= Fritz Cassirer =

German conductor

left to right, Cassirer with Julius Buths, Frederick Delius, Hans Haym and Jelka Delius, 1905

Friedrich (Fritz) Leopold Cassirer, (29 March 1871 – 26 November 1926) was a German conductor. He was one of the early proponents of the music of Frederick Delius, and conducted the premiere of Delius's first opera.

==Biography==
Cassirer was born into a Jewish family in Breslau. His father, Julius Cassirer, was one of nine children; Julius was distantly related to his wife, Julcher (Julie) née Cassirer, through a common great-grandfather. Fritz Cassirer studied music with Hans Pfitzner and Gustav Holländer, after which he was appointed to conducting posts in a succession of German opera houses: Lübeck, Posen, Saarbrücken and Elberfeld.

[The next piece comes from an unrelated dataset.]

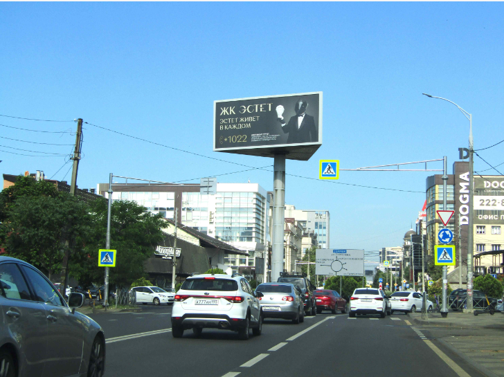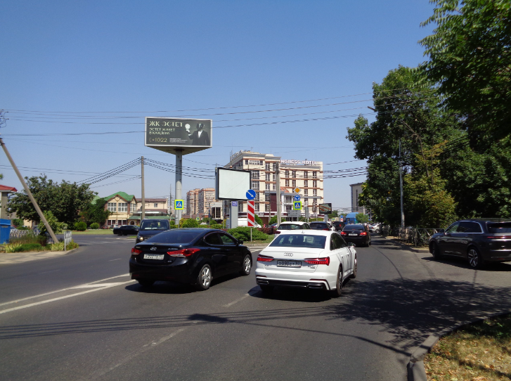 - Описание рекламной конструкции: Трехсторнняя статичная освещенная конструкция формата 5х12 установлена на кольце улиц Красных Партизан и Аэродромная, в одном из самых оживленных мест центральной части города. Плоскости РК вращается вокруг своей оси, что позволяет демонстрировать рекламу на все 360 градусов. Кольцо является соединяющим звеном между Западным, Центральным и Прикубанским округами, связывая между собой и с административно-деловой частью города спальные районы: Юбилейный и Фестивальный. В непосредственной близости находятся: отель Вилла Диас, ресторан Мадьяр, ресторан "у Близнецов", ресторан Рояль, клиника Шале Сантэ, клиника репродукции OXY, магазин мужской одежды Франт.

While Cassirer was in charge of the Elberfeld opera, his colleague Hans Haym introduced him to the music of Frederick Delius, which was little known in Germany and hardly known at all anywhere else. Cassirer, like Haym, became a strong advocate of Delius's music. He conducted the première of Delius's opera Koanga at Elberfeld in 1904, helped Delius choose the Nietzsche text for his secular choral work, A Mass of Life and organised the premiere of another Delius opera, A Village Romeo and Juliet at the Berlin Komische Oper in 1907.

Cassirer was a member of the Komische Oper company that visited London in 1907, playing Offenbach's The Tales of Hoffmann. While in London he conducted concerts, at one of which, with Thomas Beecham's New Symphony Orchestra, he presented Delius's Appalachia. Beecham, who had hitherto known nothing of Delius's music, expressed his "wonderment" and was from then on a lifelong devotee of the composer's works. Beecham praised Cassirer for having "naturally good if slightly fastidious taste".

After turning down an offer to appear at the Manhattan Opera House, New York, Cassirer retired to Munich, and devoted himself to philosophical and literary studies. He died in Berlin at the age of 55.

==Family life==
Fritz Cassirer was married to Lilly Dispecker. They had one daughter, Eva Charlotte Cassirer, who married her father's cousin, Friedrich Wilhelm Cassirer (also known as Fritz); he was for a time managing director of the Deutsches Theater in Berlin, and Max Reinhardt's business manager.